Ces résultats illustrant les fonctions perceptuelles du lobe pariétal obtenus chez des sujets normaux doivent être rapprochées des effets observés lors de lésions de la même région. Des patients porteurs de telles lésions peuvent présenter des déficits perceptuels typiques en plus des problèmes de transformation visuo-motrice. Ils peuvent se révéler incapables de copier des objets en les dessinant (apraxie constructive); ils peuvent éprouver de grandes difficultés pour reconnaître des photographies d’objets présentées dans une orientation non canonique (Warrington and James, 1986). Ils ne peuvent pas résoudre de façon motrice ou perceptuelle l’orientation 3-D d’objets ou leur relation spatiale par rapport à d’autres objets.
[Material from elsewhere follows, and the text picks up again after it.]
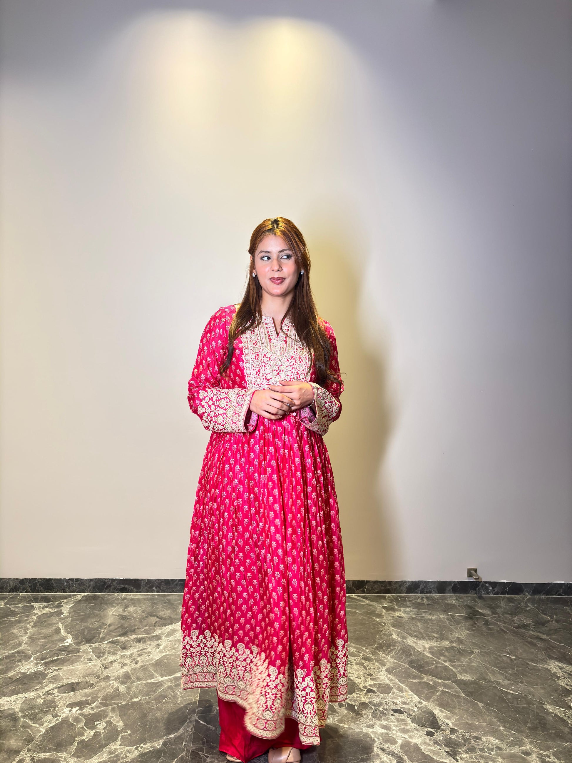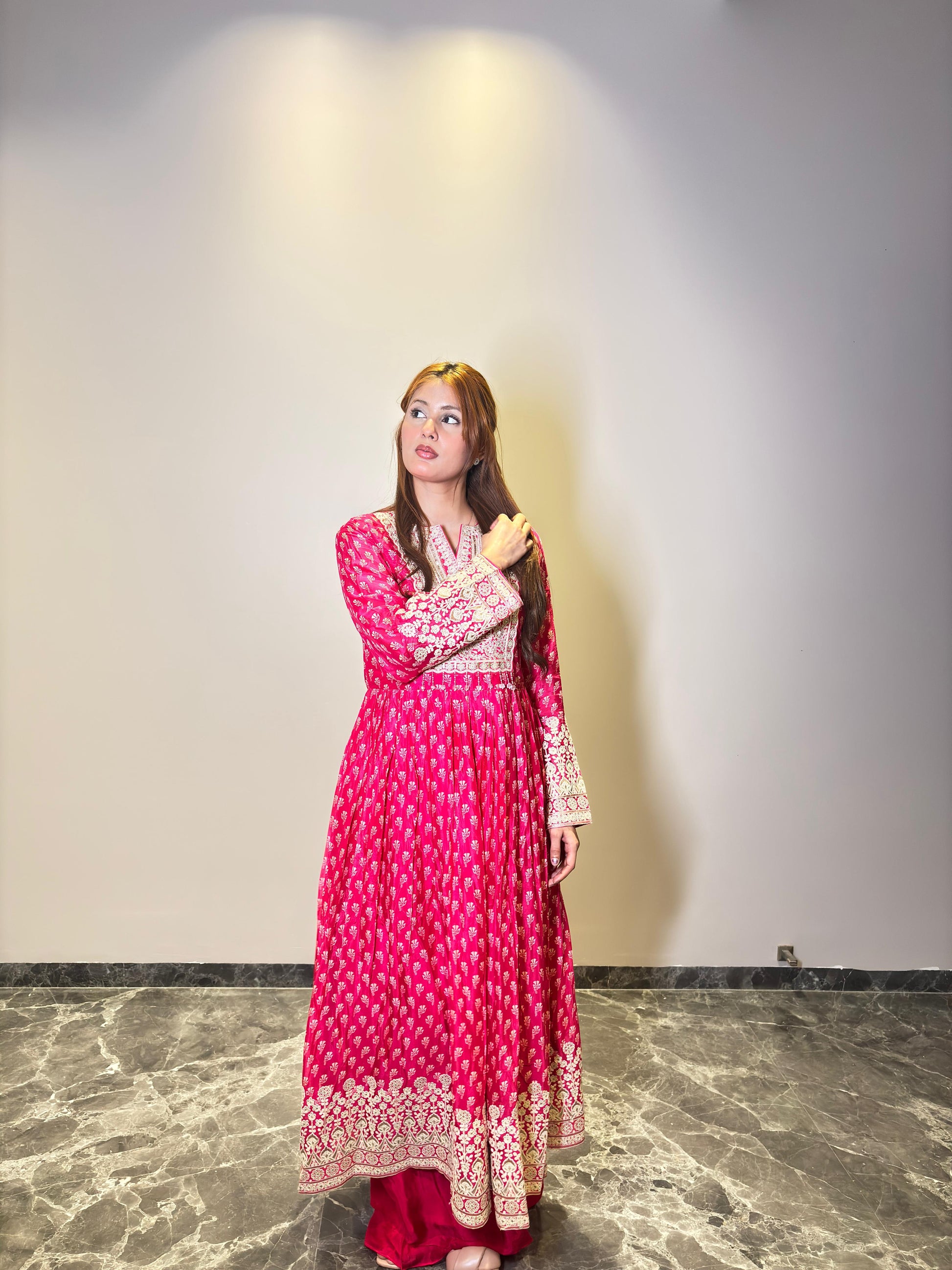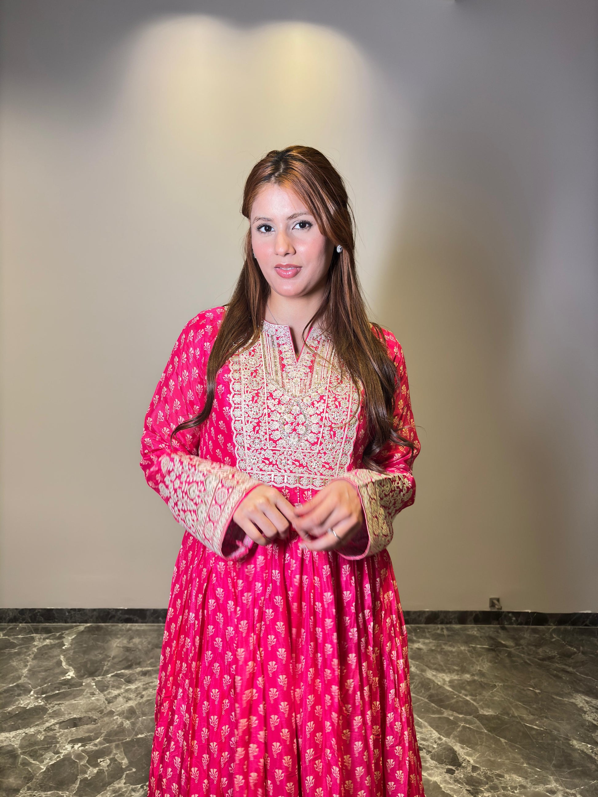Grace meets tradition in this vibrant pink Anarkali-style crepe suit, adorned with delicate golden block print and intricate embroidered detailing on the cuffs, hemline, and neckline. The flowy silhouette, crafted from lightweight crepe, offers effortless elegance and comfort. Paired with matching straight pants, this outfit is perfect for festive occasions and traditional gatherings.

On pourrait spéculer que ces difficultés perceptuelles représentent un seul et même déficit avec le déficit visuo-moteur: seuls les aspects de la perception en relation avec l’action seraient affectés par la lésion, alors que les autres aspects en relation avec l’identification et le traitement sémantique seraient préservés. Le traitement pragmatique comprendrait la représentation de stimuli visuels dans les deux cadres de référence (allo et égocentrique) où une partie du traitement est égocentriquement codée (transformation visuo- motrice).